Son las dos y media de la tarde y hace ya un calor
espantoso. Espero mi bus en la parada que hay junto a la rotonda, en la
carretera vieja.
Una mujer también espera. El banco de piedra nos soporta a
las dos. Ella lee en su libro electrónico.
Yo también leo. Mi libro es de papel, de los que ocupan
espacio en los estantes de casa. Leo a Manuel Lacarta. ¿Prosa poética? ¿Poemas
en prosa? ¿Poesía prosaica?
Y pienso…
¿Qué se hace con los cientos de poemas escritos y guardados
en un cajón durante muchos años? ¿A quién importan?
El bus no tardará en llegar y guardo el libro en mi bolso de
tela, el de los veranos. La mujer sigue leyendo en su libro electrónico.

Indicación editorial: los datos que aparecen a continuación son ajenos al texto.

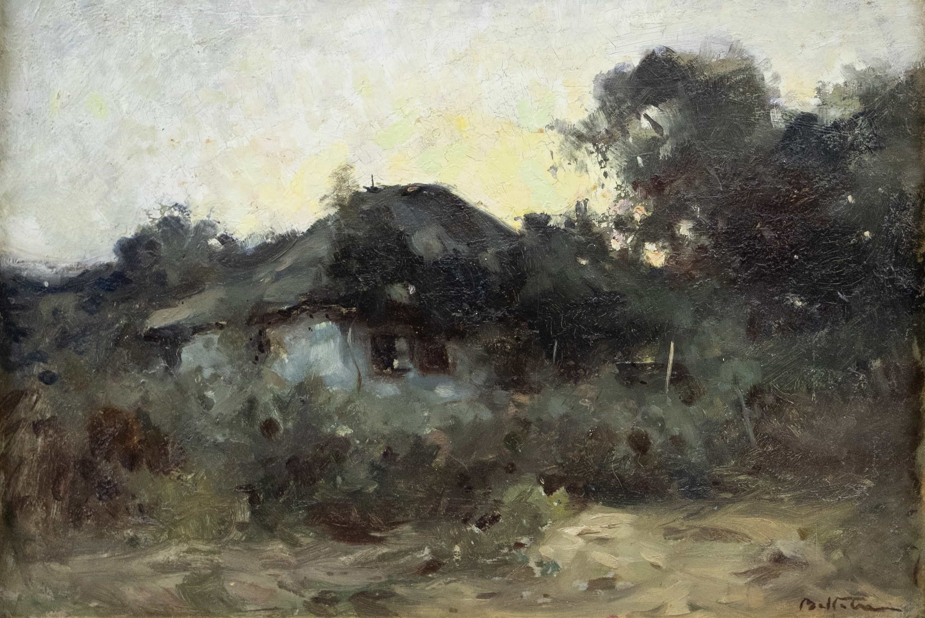 07.43 Adam Bălțatu (1899-1979) - "Colibă", ulei pe carton, 64.5x49cm, semnat dreapta jos cu brun

Cuando me acomodo sobre la tela gastada en mi asiento de
autobús destartalado fijo mi atención en el escaso pasaje.
Otra vez pienso…
¿Qué será de mis libros cuando ya no esté? De los libros
míos, de los de mis autores favoritos sobre la repisa de los consagrados, de los
de mis amigos autores. ¿Qué será de mi propio vacío?
La mujer ha dejado de leer su libro electrónico. Ahora come
un sándwich y bebe agua. es fina en su manera de comer. Toda ella es fina. En el
comer, en el beber y en su postura al leer.
El bus circula paralelo al mar de verano. La mujer lo mira y
vuelve a leer en su libro electrónico. La lectura le debe de parecer interesante.
Ya dejo de observar. Me olvido de ella y del mar. Vuelvo
a mi lectura también.
Me introduzco en las escenas de la poesía descriptiva de
Manuel Lacarta, en mi libro de papel.
Fotografía: Desde el bus, autovía junto al mar.